🤖 AI Summary
Reflection artifacts from transparent objects (e.g., glass) severely distort transmitted light images, hindering accurate scene recovery.
Method: This paper proposes a reflection–transmission separation method using a single flash/non-flash image pair. To address misalignment between the two images, we design a dual-branch latent-space diffusion model that jointly encodes both latent representations to suppress registration errors; a cross-latent variable decoding mechanism is further introduced for high-fidelity detail reconstruction. The framework integrates flash-guided cue conditioning, conditional latent-space generation, and an end-to-end trainable architecture.

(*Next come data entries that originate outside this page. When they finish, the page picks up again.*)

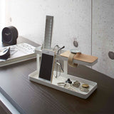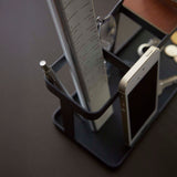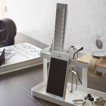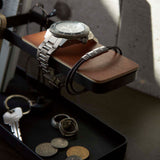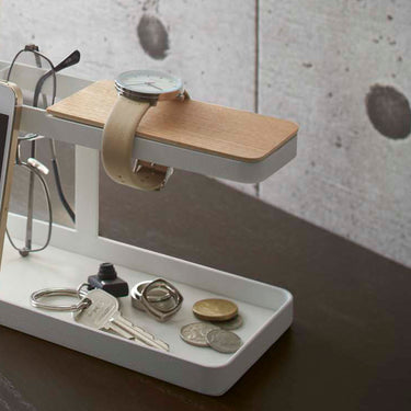 This desk bar allows you to neatly store items such as watches, accessories, and smartphones all together. With a combination of a tray and bar, it can also accommodate taller items like remotes and glasses. The bar is perfect for hanging watches and bracelets. It can hold two large men's watches or three smaller women's watches. Its sleek design that doesn't interfere with your interior decor is also a key feature.
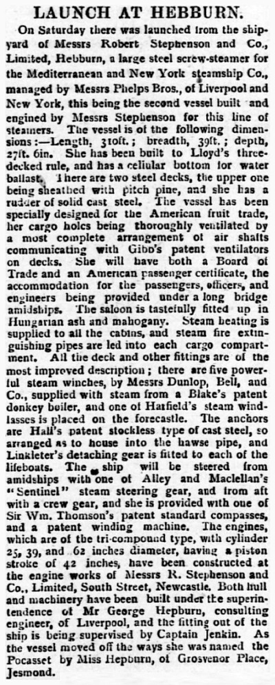 | 06/1889 | Mediterranean & New York Steam Ship Co Ltd (Phelps Bros), Liverpool |
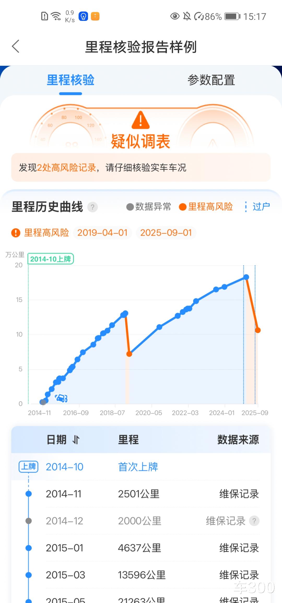 车300二手车软件上有个“查调表车”功能,综合了维修保养、出险理赔、OBD实时数据和车300线下检测数据,可以快速查询二手车真实公里数。只要输入车架号,就可以轻松获取查询报告。如:2014年11月维保记录显示里程为2501公里,2014年12月维保记录为2000公里,就意味着,该车数据异常,极大概率存在里程风险,疑似调表。
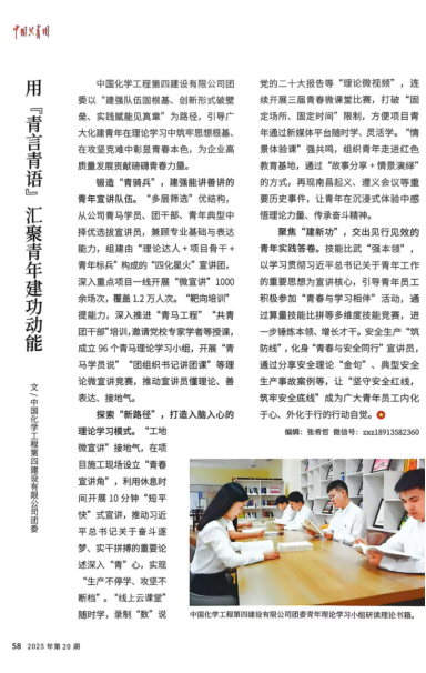 近日,由共青團中央主管主辦的工作指導刊物《中國共青團》2025年第20期專版刊載了中國化學工程四化建青年理論學習工作經驗文章《用“青言青語”匯聚化建青年建功動能》,對公司用黨的創新理論賦能青年成長、用黨的初心使命引領青年建功的創新路徑進行專題報道,為央企青年思想政治引領工作蓬勃發展提供了可復制、可推廣的實踐樣本。
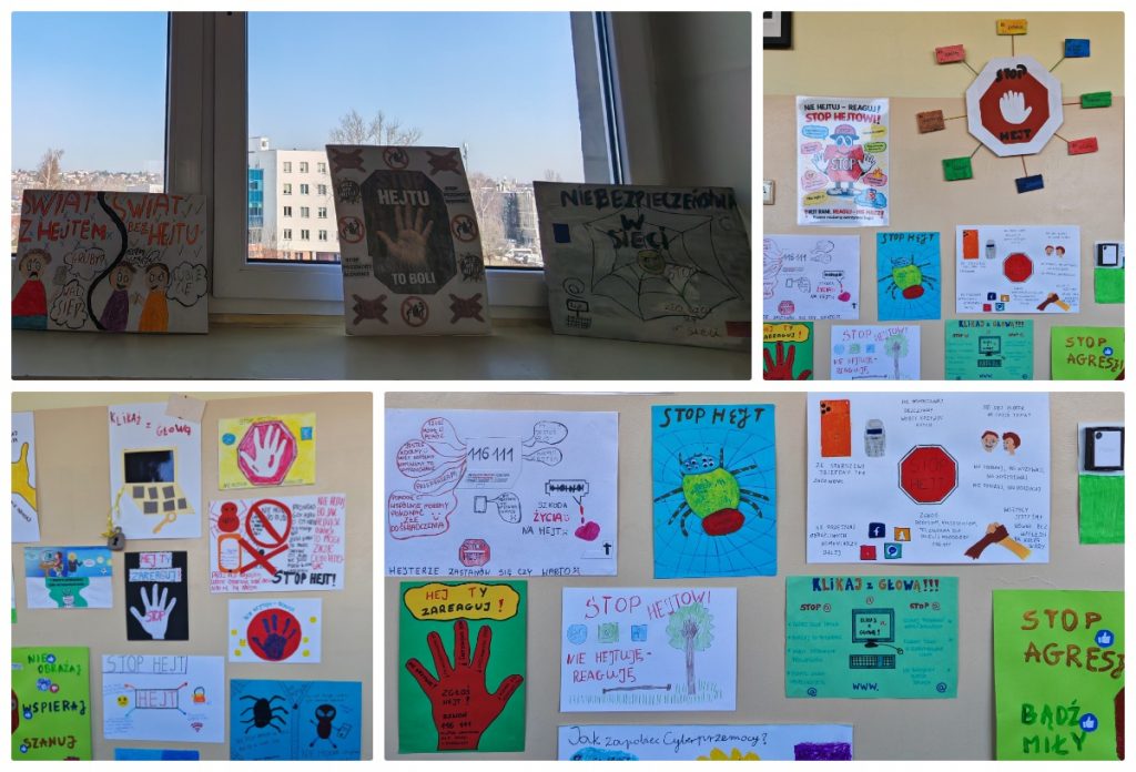 Jak co roku nasza szkoła włączyła się w obchody Międzynarodowego Dnia Bezpiecznego Internetu. Uczniowie pod opieką nauczycieli podejmowali różne działania mające na celu utrwalenie zasad bezpiecznego funkcjonowania w Internecie. Brali udział w webinariach i pogadankach, przygotowywali plakaty dotyczące przeciwdziałania cyberprzemocy.
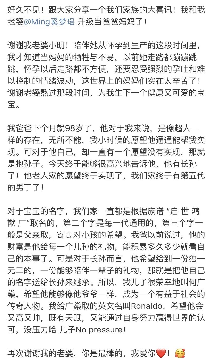 奚梦瑶生子,24日下午,@何猷君MarioHo 发文宣布@Ming奚梦瑶 生子喜讯,并公布了孩子的名字“何广燊”,英文名叫“Ronaldo”。随后奚梦瑶幸福地转发微博“亲爱的小王子,欢迎来到这个世界!??”照片中,奚梦瑶抱着孩子母爱满满,赌王四太一家全部出镜。何猷君兴奋写道:“我爸爸下个月就98岁了,今天终于能够很高兴地告诉他,他有长孙了!”据悉,奚梦瑶何猷君曾一起上过恋爱真人秀《爱的时差》,男方今年5月13日向女方求婚成功,7月4日,二人晒出结婚登记照正式宣布结婚喜讯。恭喜两位升级当爸妈~
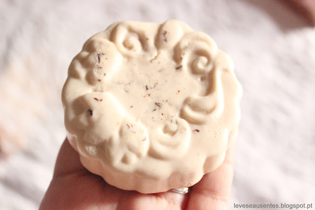 Sultana é um sabonete muito cremoso que pode ser utilizado tanto para as mãos como para o corpo. Para mim o cheiro era indescritível mas doce e fresco ao mesmo tempo, tem pedaços de alperces e passas que combinam muito bem com o cheiro de olíbanos. Uma perdição!
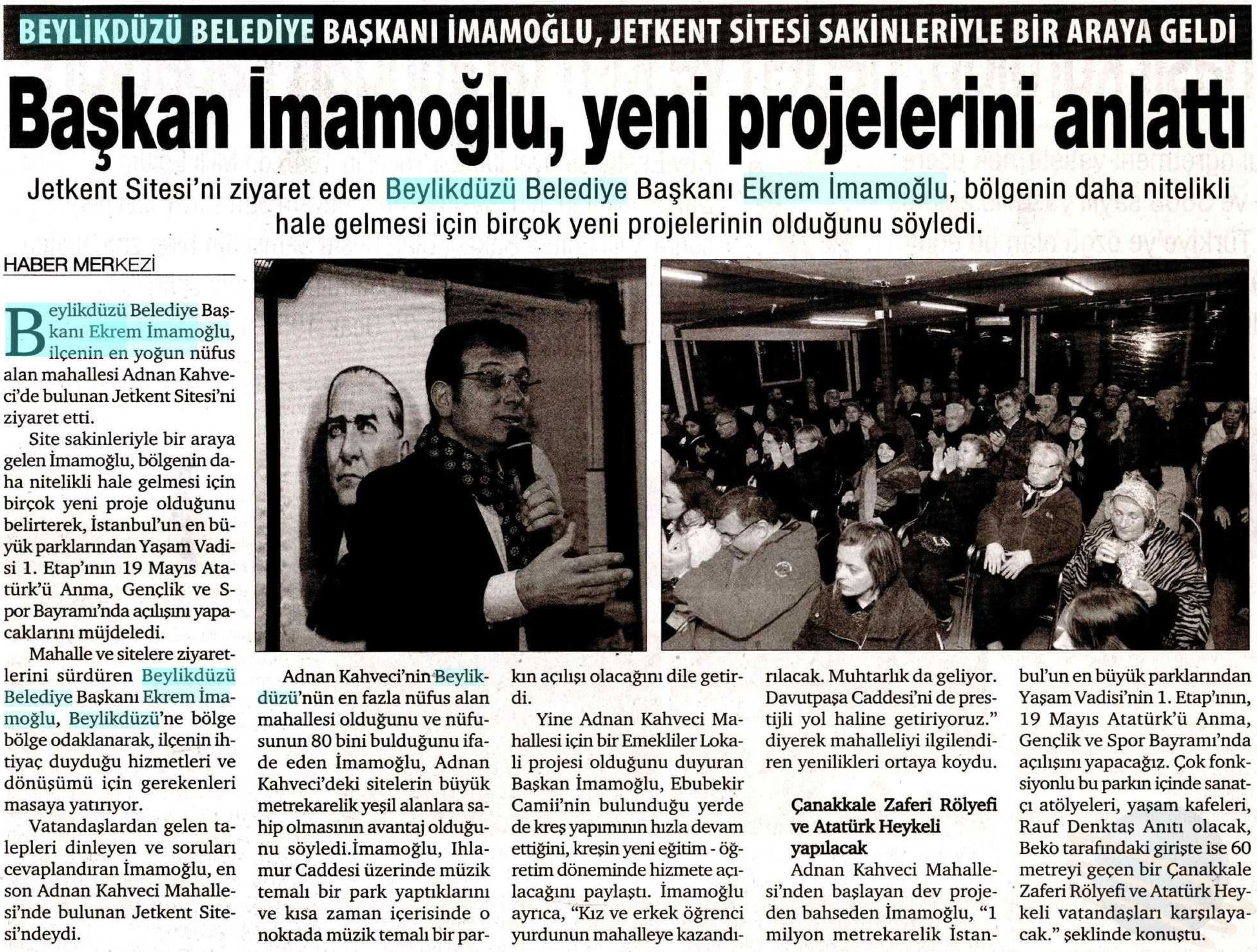 17 Nisan 2017 tarihli "HÜRSES" gazetesi. Beylikdüzü Belediye Başkanı Ekrem İmamoğlu, bölgenin daha nitelikli hale gelmesi için bir çok yeni projelerinin olduğunu söyledi.

Contribution/Results: Evaluated on real-world complex scenes, our method achieves state-of-the-art reflection separation performance, significantly outperforming existing baselines. It delivers consistent improvements in both quantitative metrics (e.g., PSNR, SSIM) and visual quality, demonstrating robustness to challenging reflections and geometric mismatches.
📝 Abstract
Transparent surfaces, such as glass, create complex reflections that obscure images and challenge downstream computer vision applications. We introduce Flash-Split, a robust framework for separating transmitted and reflected light using a single (potentially misaligned) pair of flash/no-flash images. Our core idea is to perform latent-space reflection separation while leveraging the flash cues. Specifically, Flash-Split consists of two stages. Stage 1 separates apart the reflection latent and transmission latent via a dual-branch diffusion model conditioned on an encoded flash/no-flash latent pair, effectively mitigating the flash/no-flash misalignment issue. Stage 2 restores high-resolution, faithful details to the separated latents, via a cross-latent decoding process conditioned on the original images before separation. By validating Flash-Split on challenging real-world scenes, we demonstrate state-of-the-art reflection separation performance and significantly outperform the baseline methods.